■ ASSIGNMENT: Make an exact copy of the listing underneath, skipping each picture.

■ PROVIDED INFORMATION:
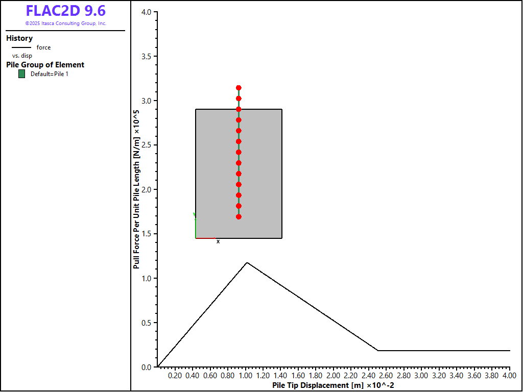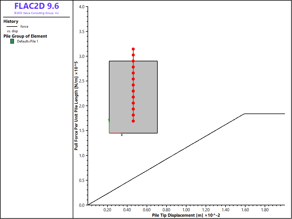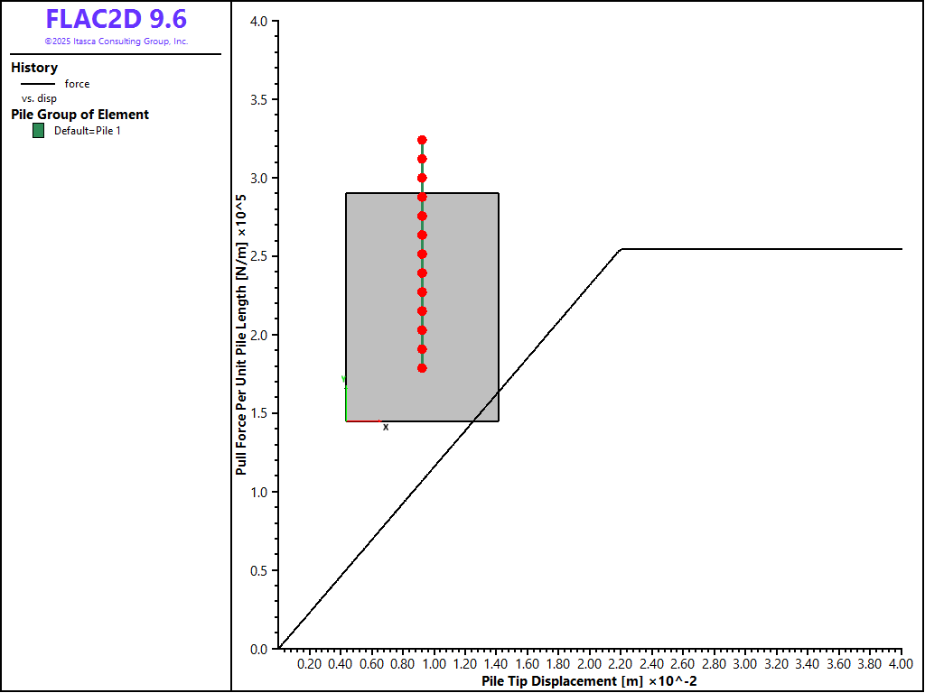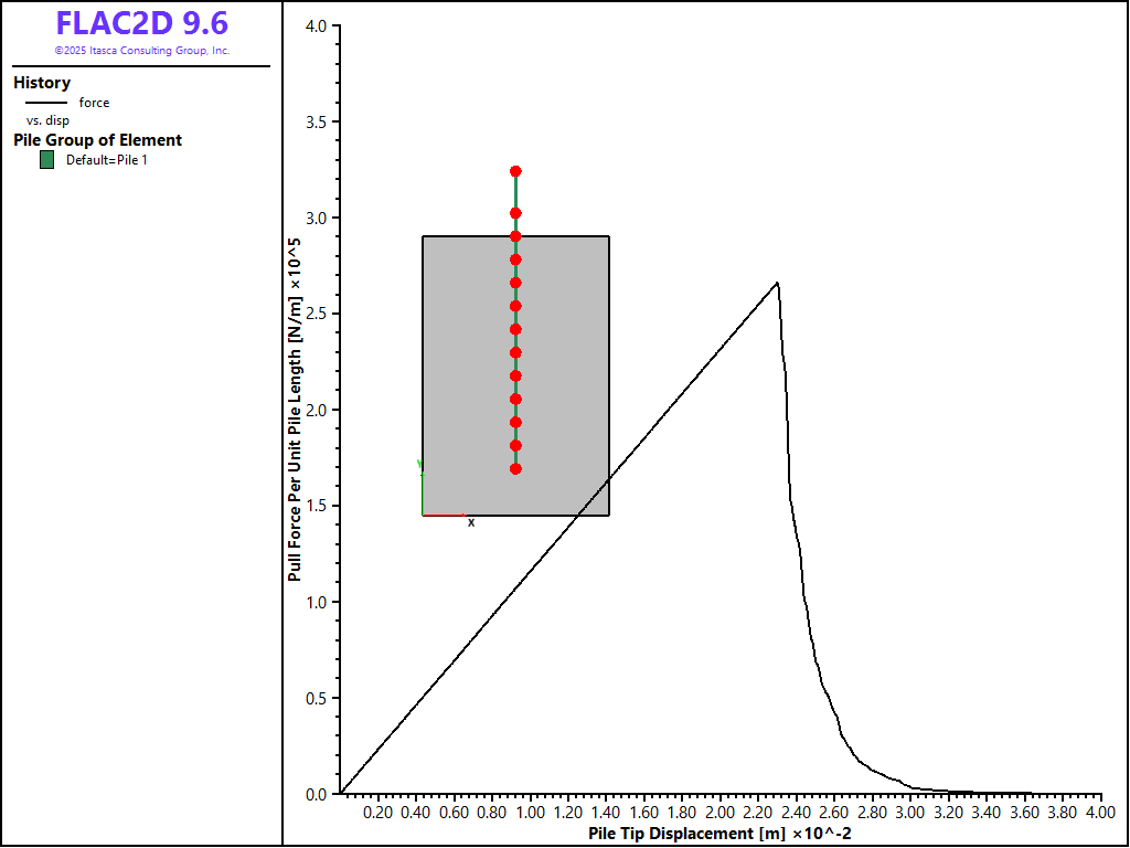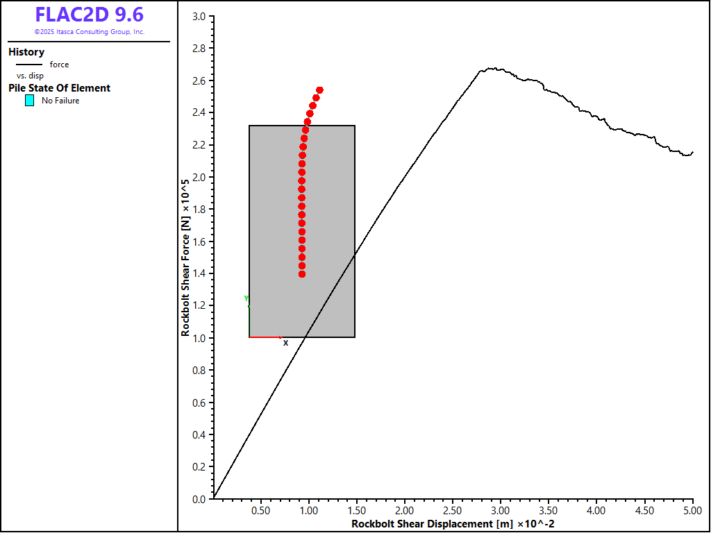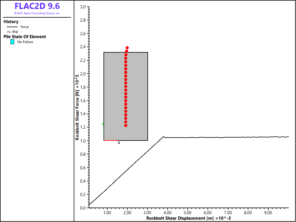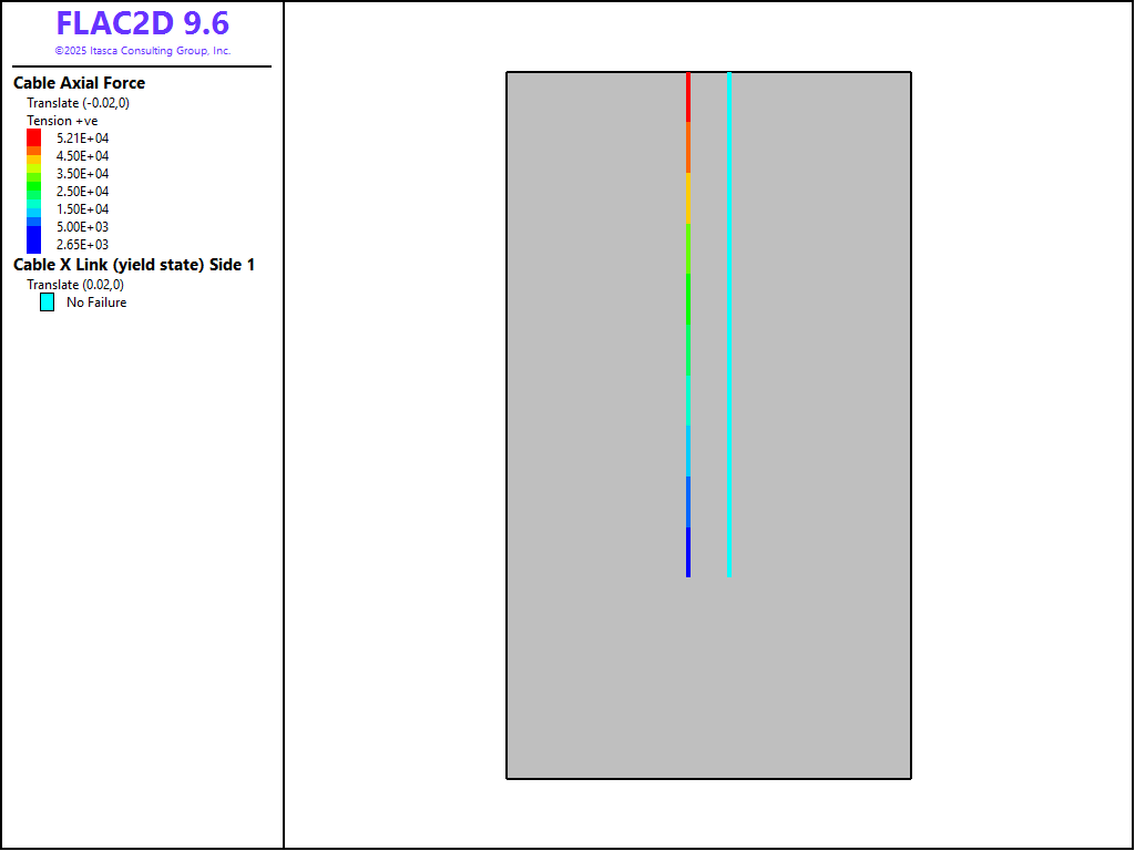 The data file “Pulltest08.dat” sets up a model that considers a limiting tensile force of 1.5 × 105 N and a limiting axial strain of 1 × 10-4. The results from this model are shown in Figure 14. The diagram shows that the limiting tensile force is reached after a pull-out displacement of approximately 2.6 cm. Note that after this limiting force is reached, the pull-out force rapidly decreases to zero, indicating the rupture of the rockbolt.
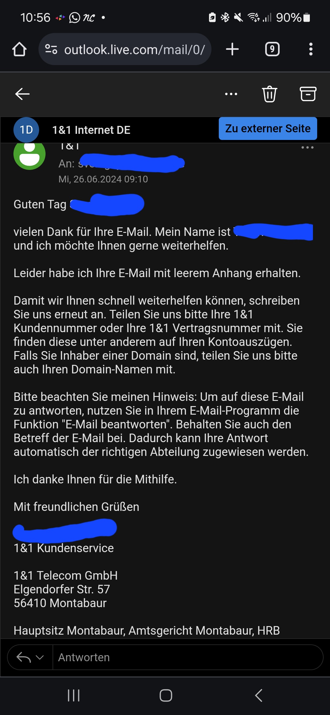 Und zu guter Letzt keine selbstständige Kontaktaufnahme zu 1&1 in dieser Angelegenheit aufnehmen und bei Anrufen, Briefen und E-Mails seitens 1&1 auf den Anwalt verweisen. Die Schriftstücke und Anrufe, sind direkt in der Kanzlei zu melden und entsprechend Schriftstücke abzugeben.
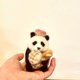 这是一只抱着羊毛毡做成的面包的熊猫。
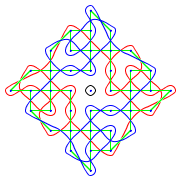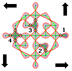 The trick is to use the symmetry of the kolam. The typical symmetry used is the cyclic symmetry, as shown in the above figure. This is also the most complex and the most impressive one, apart from being the most common (the others are reflection symmetry between the halves). This reduces the problem of remembering the whole kolam, to one of remembering just one quarter of it. Of course, nothing stops us from creating a completely asymmetrical one, but I haven’t seen it in daily use (maybe I should explore more of that, now that it is easy with this program).
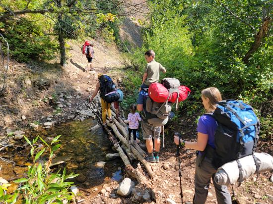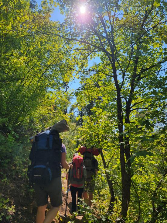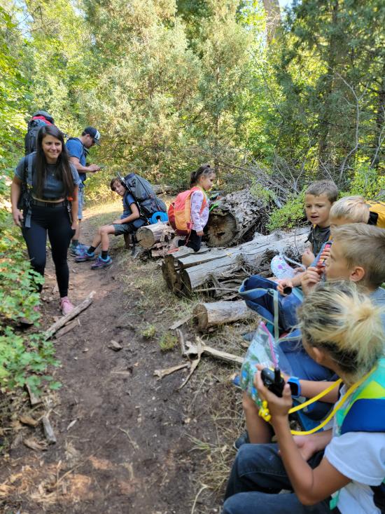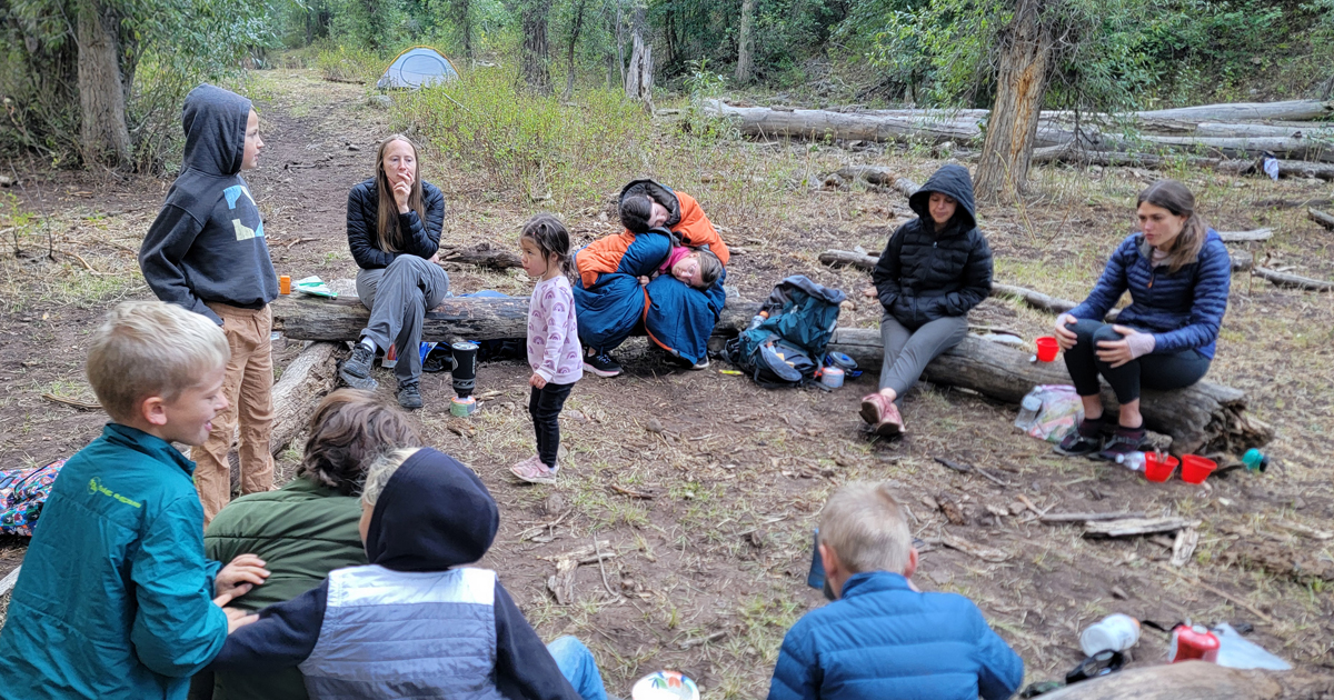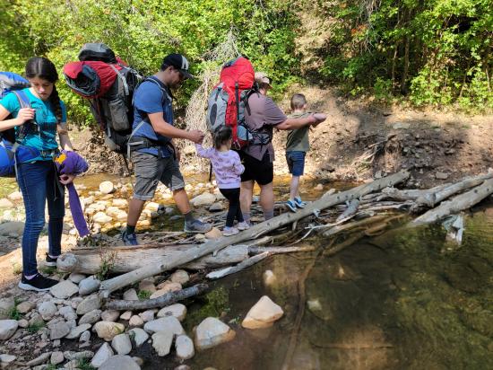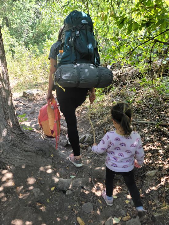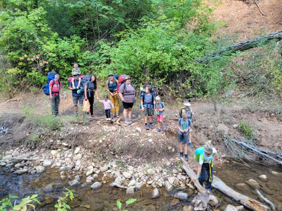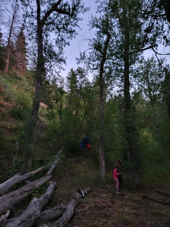 The trail follows the creek the whole way, so there aren’t any major elevation gains. We hiked up slowly, focusing on having a good time rather than moving quickly.Near the top, we dropped our packs and played some games. It was a decent camping spot but not ideal. Anthony, Tara, and I hiked a little further to scout, and a few of the kids tagged along. We found a better camp about 10 minutes up the trail, so we gathered everything and relocated.
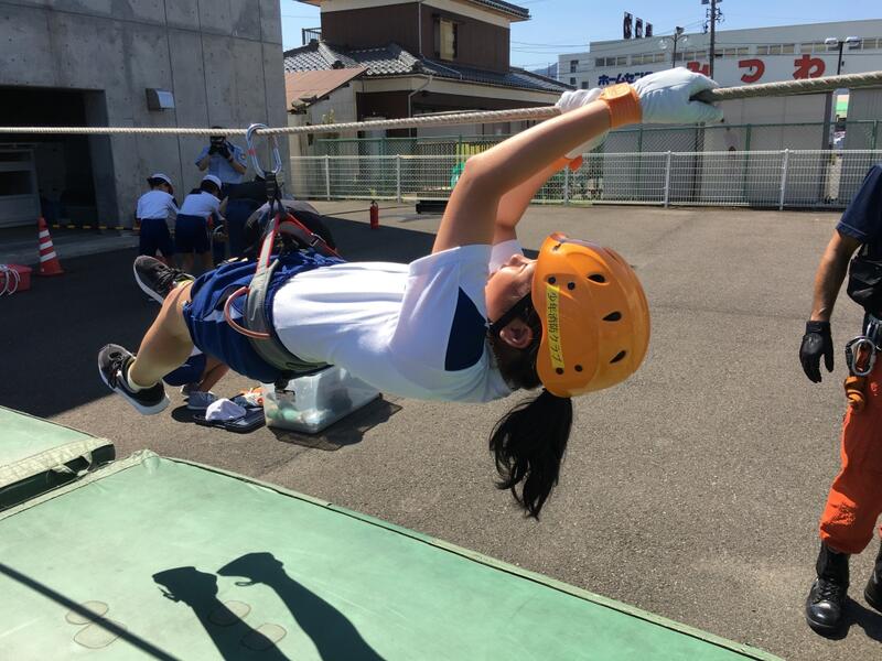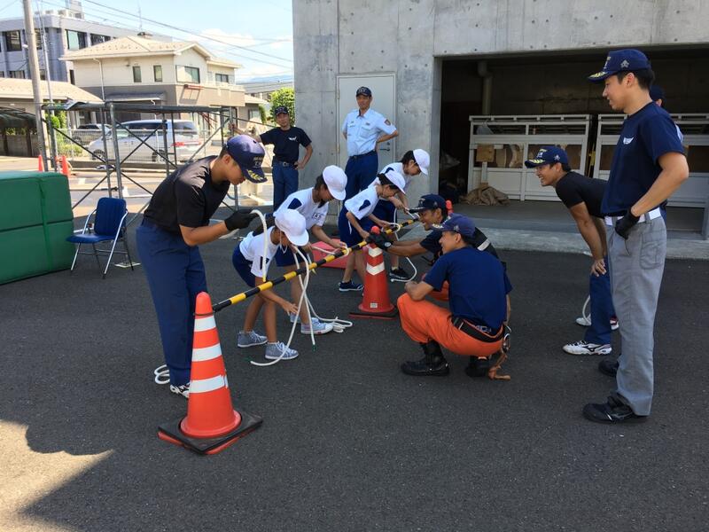 消火・放水訓練やロープレスキュー体験、災害時などに役に立つロープの結び方などを学びました。
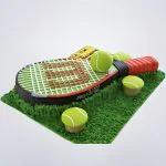 На фотографии запечатлен удивительно реалистичный торт в виде теннисной ракетки и мячика, лежащих на зеленой траве. Тщательно проработанная текстура струн ракетки и ворсистая поверхность мячика создают полную иллюзию спортивного инвентаря. Сочная зелень «травяного» покрытия и контрастные белые линии разметки добавляют композиции динамики и жизненной энергии. Этот торт словно переносит на корт в разгар захватывающего матча.
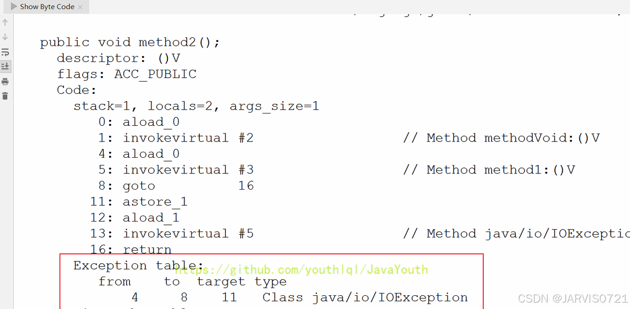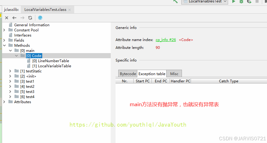 方法执行过程当中,trycatchfinally代码块/syncronized捕获的异常类型存储在异常表当中,也就是一张用于指示异常处理的规则表。"万一发生这种异常,请按照这张表导航"(异常表大小固定,与抛出异常数量无关,编译期生成)
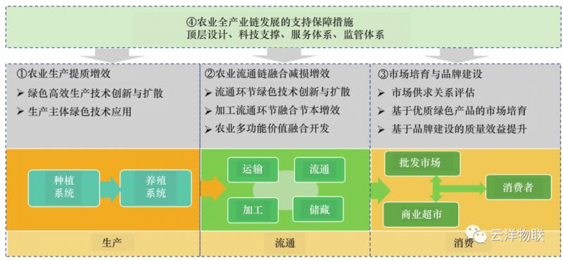 農業全產業鏈綠色發展以全產業鏈融合為主線,踐行綠色發展理念,堅持生態優先與環境友好原則;立足資源稟賦,開展產業升級、鏈接與融合,發展優勢明顯、特色鮮明的農業產業及產業集群,實現全產業鏈效率與產值協同提升。
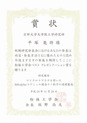 2012年度粉体工学会秋期研究発表会(11月27ー28日,東京)にて修士2回生 白石昇平君(粉体工学研究室),修士1回生 平塚龍将君(界面制御工学研究室)の2名がBest Presentation賞を受賞しました。

■ SOLUTION FOR THIS PROBLEM:
 The data file “Pulltest08.dat” sets up a model that considers a limiting tensile force of 1.5 × 105 N and a limiting axial strain of 1 × 10-4. The results from this model are shown in Figure 14. The diagram shows that the limiting tensile force is reached after a pull-out displacement of approximately 2.6 cm. Note that after this limiting force is reached, the pull-out force rapidly decreases to zero, indicating the rupture of the rockbolt.
 Und zu guter Letzt keine selbstständige Kontaktaufnahme zu 1&1 in dieser Angelegenheit aufnehmen und bei Anrufen, Briefen und E-Mails seitens 1&1 auf den Anwalt verweisen. Die Schriftstücke und Anrufe, sind direkt in der Kanzlei zu melden und entsprechend Schriftstücke abzugeben.
 这是一只抱着羊毛毡做成的面包的熊猫。
 The trick is to use the symmetry of the kolam. The typical symmetry used is the cyclic symmetry, as shown in the above figure. This is also the most complex and the most impressive one, apart from being the most common (the others are reflection symmetry between the halves). This reduces the problem of remembering the whole kolam, to one of remembering just one quarter of it. Of course, nothing stops us from creating a completely asymmetrical one, but I haven’t seen it in daily use (maybe I should explore more of that, now that it is easy with this program).
 The trail follows the creek the whole way, so there aren’t any major elevation gains. We hiked up slowly, focusing on having a good time rather than moving quickly.Near the top, we dropped our packs and played some games. It was a decent camping spot but not ideal. Anthony, Tara, and I hiked a little further to scout, and a few of the kids tagged along. We found a better camp about 10 minutes up the trail, so we gathered everything and relocated.
 消火・放水訓練やロープレスキュー体験、災害時などに役に立つロープの結び方などを学びました。
 На фотографии запечатлен удивительно реалистичный торт в виде теннисной ракетки и мячика, лежащих на зеленой траве. Тщательно проработанная текстура струн ракетки и ворсистая поверхность мячика создают полную иллюзию спортивного инвентаря. Сочная зелень «травяного» покрытия и контрастные белые линии разметки добавляют композиции динамики и жизненной энергии. Этот торт словно переносит на корт в разгар захватывающего матча.
 方法执行过程当中,trycatchfinally代码块/syncronized捕获的异常类型存储在异常表当中,也就是一张用于指示异常处理的规则表。"万一发生这种异常,请按照这张表导航"(异常表大小固定,与抛出异常数量无关,编译期生成)
 農業全產業鏈綠色發展以全產業鏈融合為主線,踐行綠色發展理念,堅持生態優先與環境友好原則;立足資源稟賦,開展產業升級、鏈接與融合,發展優勢明顯、特色鮮明的農業產業及產業集群,實現全產業鏈效率與產值協同提升。
 2012年度粉体工学会秋期研究発表会(11月27ー28日,東京)にて修士2回生 白石昇平君(粉体工学研究室),修士1回生 平塚龍将君(界面制御工学研究室)の2名がBest Presentation賞を受賞しました。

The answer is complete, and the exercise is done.